I don’t think I ever had a lot of books of my own. I used the local libraries, borrowed books from friends (all of which had to be returned), and went through phases of collecting some self help, fiction, mystery and fantasy books. Most if which I gave away over the years. I do enjoy buying fiction at yard sales, as they are very low priced and feed my reading needs. But, every year at my housemate’s and my ‘women’s clothing swap and afternoon tea’, I give swap attendees an opportunity to choose from these books, and I retrieve newly donated swap books I haven’t read.

I do have a fair amount of gardening books and organizing books; both of which I purchased to further my expertise in both of my businesses. The gardening books take up 1.5 shelves in the built in glass door cabinet, and the organizing books are on another shelf. These I will keep, as they are not in my way, and are an ongoing source of information.

Do you love books but have too many? Are they overflowing the bookshelves, taking up space on a chair or couch, or piled on the floor? I’m sure that some of these fiction, non-fiction, art, music, and other book topics you’ve collected over the years mean a lot to you, but most likely many of them are just gathering dust.

Why not share your wealth and give some away! Set aside an hour per week, and sort through at least one shelf on your bookshelf, or a couple piles of books. If you bought it a while back and haven’t yet read it, maybe it’s time to let it go. Fill a box (or boxes) with the books you no longer love, want, or need, and share the joy of reading by donating them to your favorite charity, library, local prison, or to ‘More than Words’.

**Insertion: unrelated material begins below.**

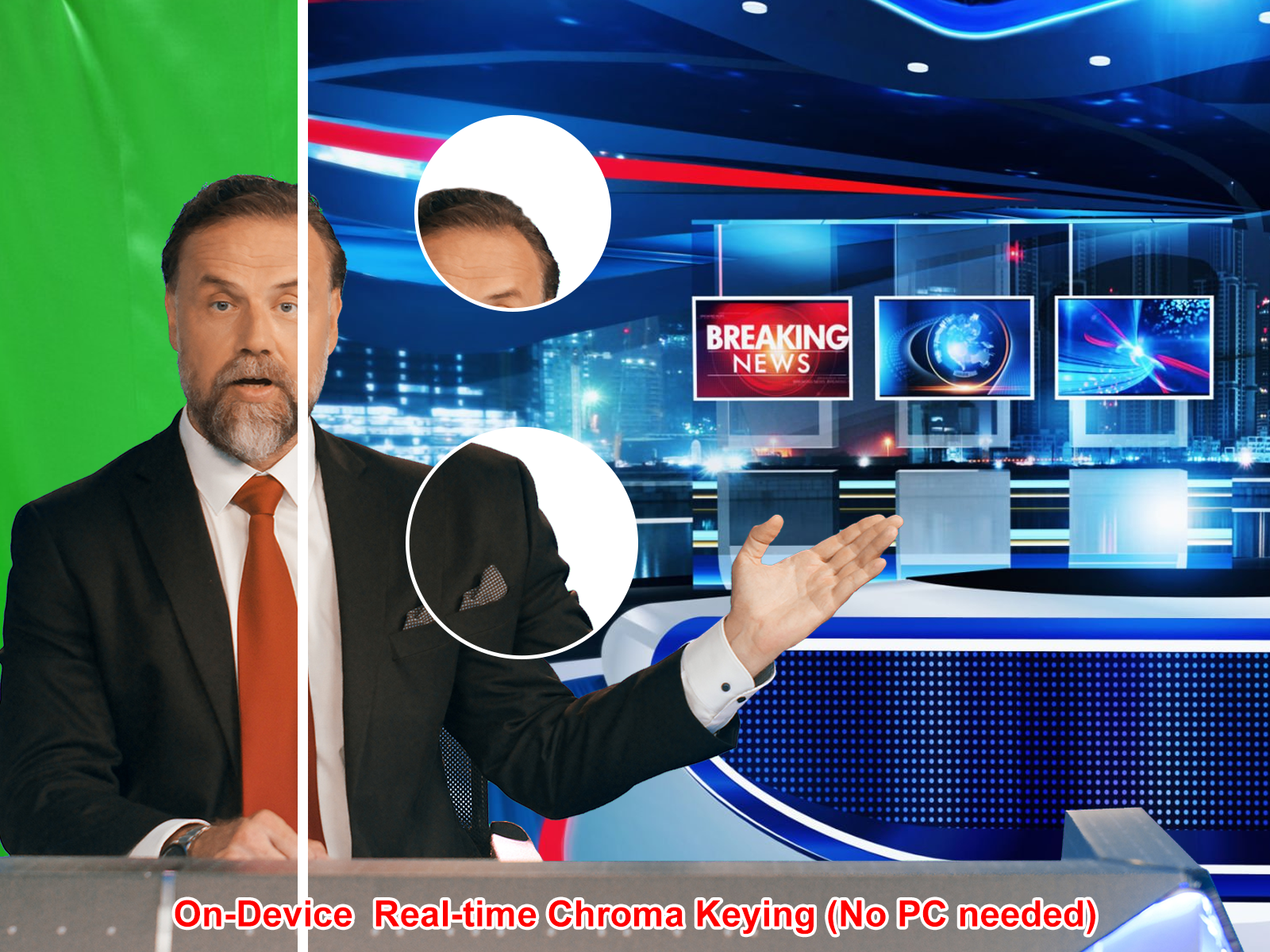 High-performance hardware-level Real-time Chroma Keying. Built-in AI algorithms handle complex edge hair details and shadows, delivering clean green-screen removal directly within the encoding pipeline for instant virtual studio output.

‘More than Words’ located in Waltham, MA, is a nonprofit social enterprise that empowers youth who are in the foster care system, court involved, or homeless, or out of school to take charge of their lives by managing the organization’s online and retail bookstore and cafe. Check out their website – http://www.MTWyouth.org  or call 781-788-0035. And, if you have at least ten boxes of books to donate, the organization will pick them up for you.

I’d love to know how many books you’ve got, and how you let go and distribute them.